Test results from the image of a man wearing Nike
Yet the A.I. detectors struggled after just a bit of grain was introduced. Detectors like Hive suddenly believed the fake images were real photos.
The subtle texture, which was nearly invisible to the naked eye, interfered with its ability to analyze the pixels for signs of A.I.-generated content. Some companies are now trying to identify the use of A.I. in images by evaluating perspective or the size of subjects’ limbs, in addition to scrutinizing pixels.

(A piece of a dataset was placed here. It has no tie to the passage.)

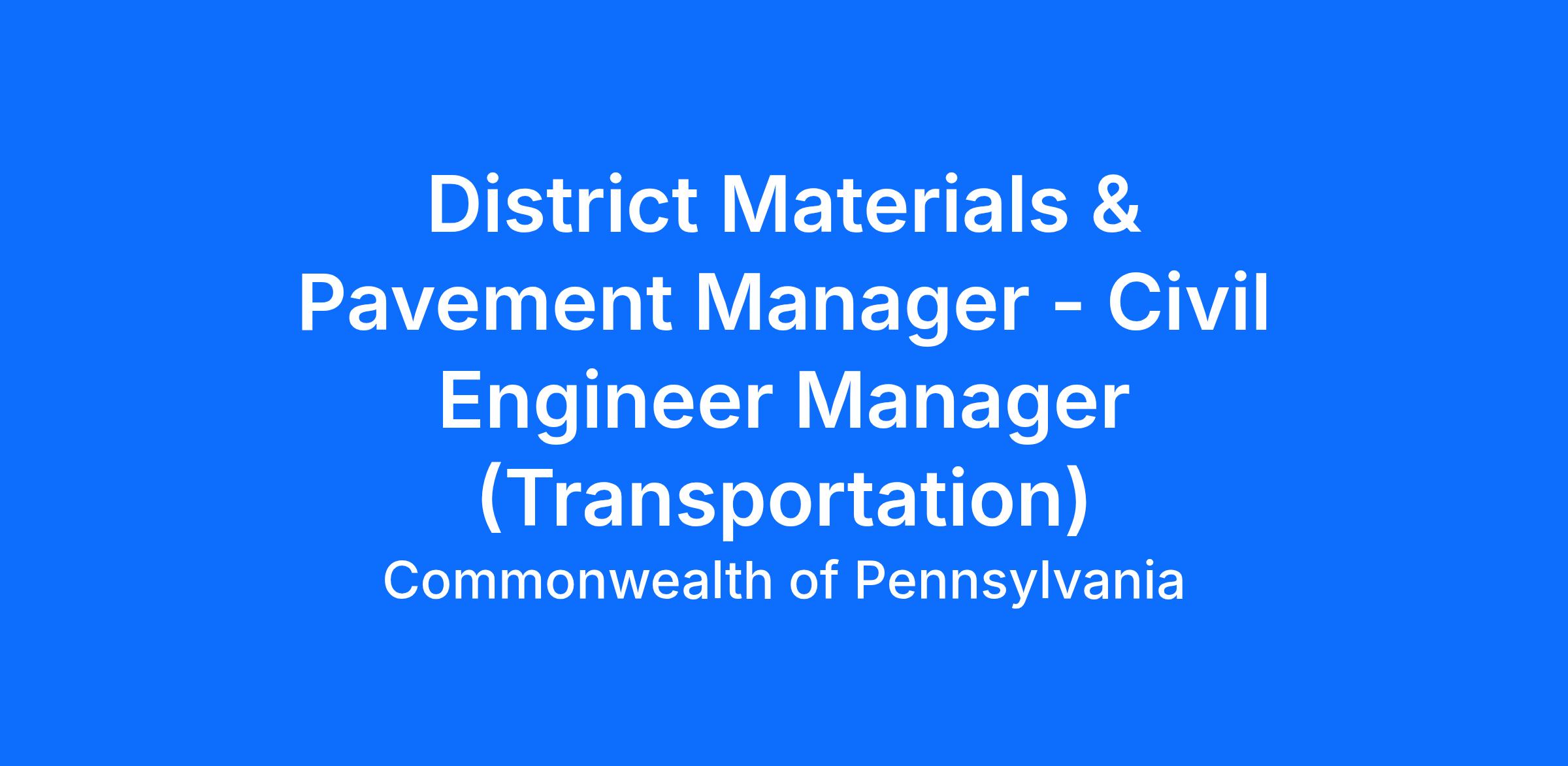 The Pennsylvania Department of Transportation, District 8, seeks a skilled and dedicated District Materials & Pavement Manager to join our dynamic team. In this essential role, you will offer expert technical guidance and support for highways and bridges across our construction, design, and maintenance divisions. This position presents an exceptional opportunity for professional advancement within a collaborative and innovative environment, allowing you to leverage your expertise to make informed decisions and drive successful project outcomes.
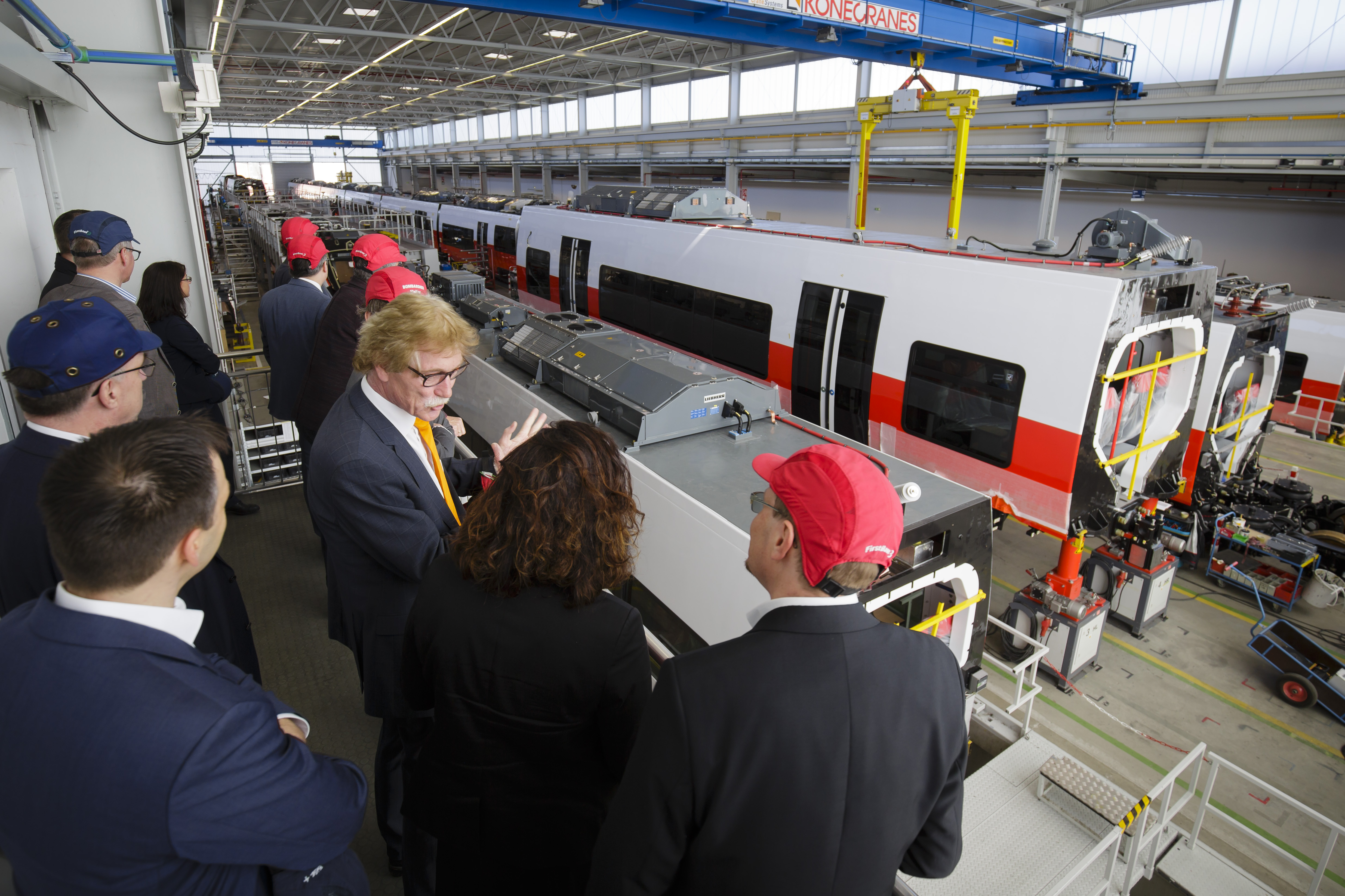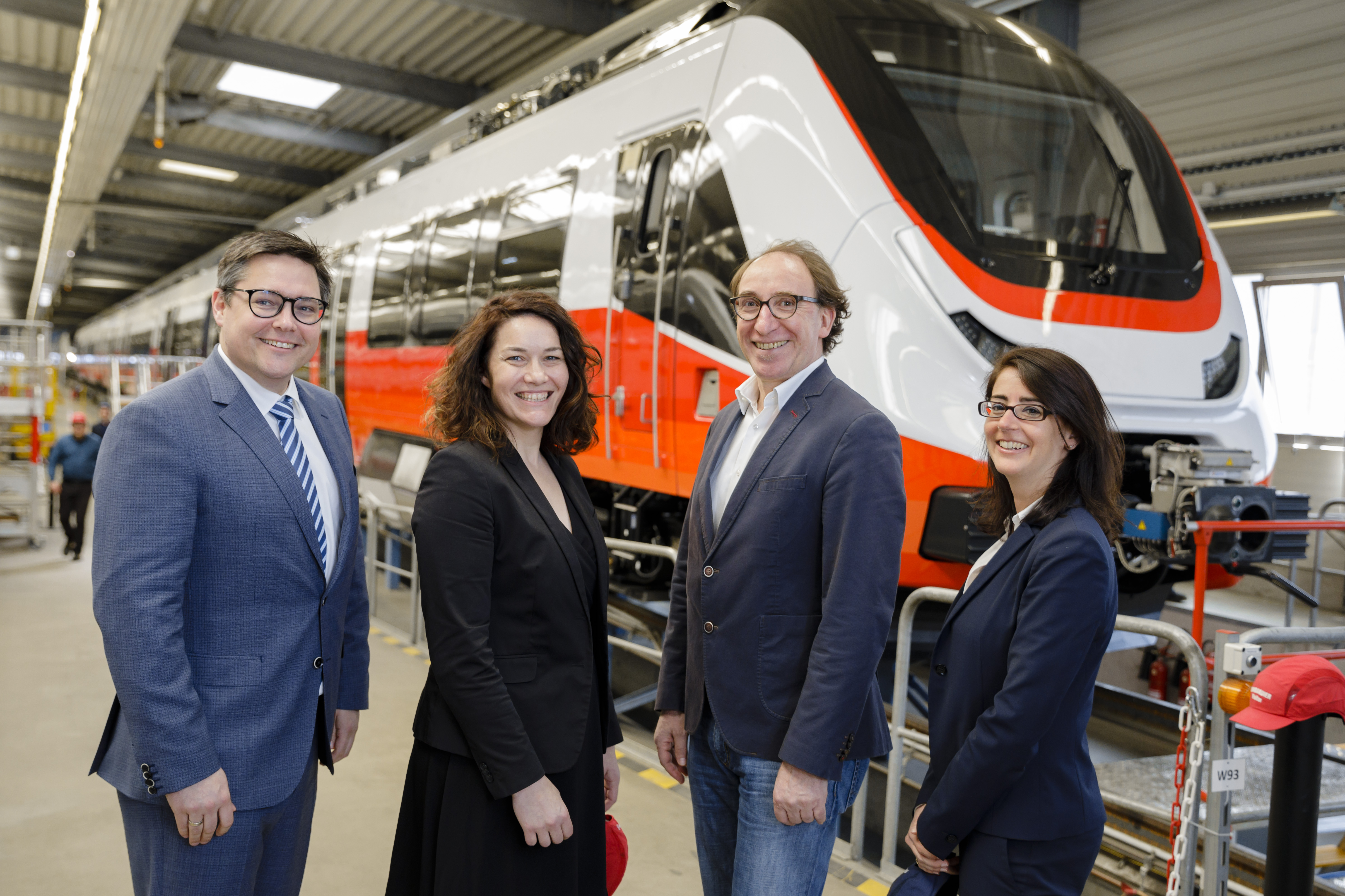 Medieninformation Freitag, 06.04.2018, 15:46 Besichtigung der ersten sechs S-Bahn-Garnituren für Vorarlberg LR Rauch machte sich in Berlin ein Bild über den Produktionsfortschritt

3.3% likely to be A.I.-generated
99% likely to be A.I.-generated
99% likely to be A.I.-generated
3.3% likely to be A.I.-generated
Artificial intelligence is capable of generating more than realistic images – the technology is already creating text, audio and videos that have fooled professors, scammed consumers and been used in attempts to turn the tide of war.
A.I.-detection tools should not be the only defense, researchers said. Image creators should embed watermarks into their work, said S. Shyam Sundar, the director of the Center for Socially Responsible Artificial Intelligence at Pennsylvania State University. Websites could incorporate detection tools into their backends, he said, so that they can automatically identify A.I. images and serve them more carefully to users with warnings and limitations on how they are shared.
Images are especially powerful, Mr. Sundar said, because they “have that tendency to cause a visceral response. People are much more likely to believe their eyes.”